UPDATED: Wed., Jan. 20, 2021

One of the ways cooks should maintain kitchen knives is by honing with a knife steel or rod. Often people refer to these as knife sharpeners, but that is incorrect. Honing the knife recalibrates and restores the angle of the blade’s edge to its original form.  (Pixabay)
One of the ways cooks should maintain kitchen knives is by honing with a knife steel or rod. Often people refer to these as knife sharpeners, but that is incorrect. Honing the knife recalibrates and restores the angle of the blade’s edge to its original form. (Pixabay)

Purchasing a quality chef knife is a great first step for a beginner home cook, but the quality of the knife soon won’t matter if it isn’t cared for. Luckily it only requires a few habits and precautions to ensure the knife lasts for many years to come.

When it comes to storage, the last place you want to store a knife is loose in a drawer with other equipment. Not only is this a bit dangerous, but it means your knives will be shifting around against other hard materials which could dull and potentially scratch or chip the blade. Knife blocks are a step up but not always the best option. Not only do you not really need a whole block of different knives, but they can also make unintended contact with the cutting edge as the knives are slid into the slots and can dull the edge over time. The slots can also collect dust and debris. That said, if you prefer to use a block, it will do the job just fine.

The safest way to store a knife is in a roll or wrap. This ensures the knife won’t ever scratch against other surfaces and get damaged. However, this may be a bit of overkill for the home cook. A wall magnet is a great way to store knives for easy access. They can also be useful for keeping knives out of reach of children who are tall enough to get into drawers. Exposed magnet strips can have the potential to scratch a knife blade, but many models now come with the magnet strips embedded in a piece of wood which is not only gentler on the knives but also makes for an attractive display. There are also magnet wood boards or easels available as a magnetic countertop option.

Speaking of wood surfaces being kind to knives, a wood cutting board is your best option for maintaining a sharp blade during use. End-grain cutting boards will be the gentlest, but any wood board is typically better than using plastic boards. There are high-quality plastic boards available that are designed with knife blades in mind, but wood is typically the best option for the price.
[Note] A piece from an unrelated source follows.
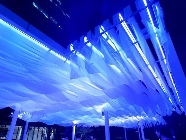 “星幻之境”旁,飘动的纱幔和柔和的彩色灯光随机舞动,唤醒人们对普陀老纺织厂的记忆,体现沪西纺织工业的历史底蕴,让人们在光与影中回顾历史,品味人生。

If anything, just make sure to never cut on glass boards, countertops (unless they are made of butcher block) or on metal surfaces.

Try to only wash knives by hand and avoid letting them sit in water or with debris on the blade. Clean immediately with nonabrasive materials and gentle soaps. Dry right after washing with a cloth or paper towel.

If your knife blade is very sharp and thin like those used in Japanese cutlery, avoid cutting through bones, thick rinds or frozen foods. Instead opt for a thicker blade like ones found on German cutlery or use a cleaver that is specifically made for such tasks.

Learn the difference between honing and sharpening. To hone a knife, you will need a knife steel or rod. Often people refer to these as knife sharpeners, but that is incorrect. Honing the knife is to recalibrate and restore the angle of the blade’s edge back to its original form. The edge can bend after repeated use and a honing steel can be used daily to shape it up.

Sharpening actually removes metal from the blade to create a new edge. A general rule of thumb for knowing when a knife needs to be sharpened is to try to slice a single sheet of paper. If it slices cleanly, the knife doesn’t need to be sharpened. If it needs to be sharpened, you can have it done professionally or at home with a whetstone or handheld, pull-through or electric sharpener. Most recommend this be done once a year, but that can depend on your knife usage.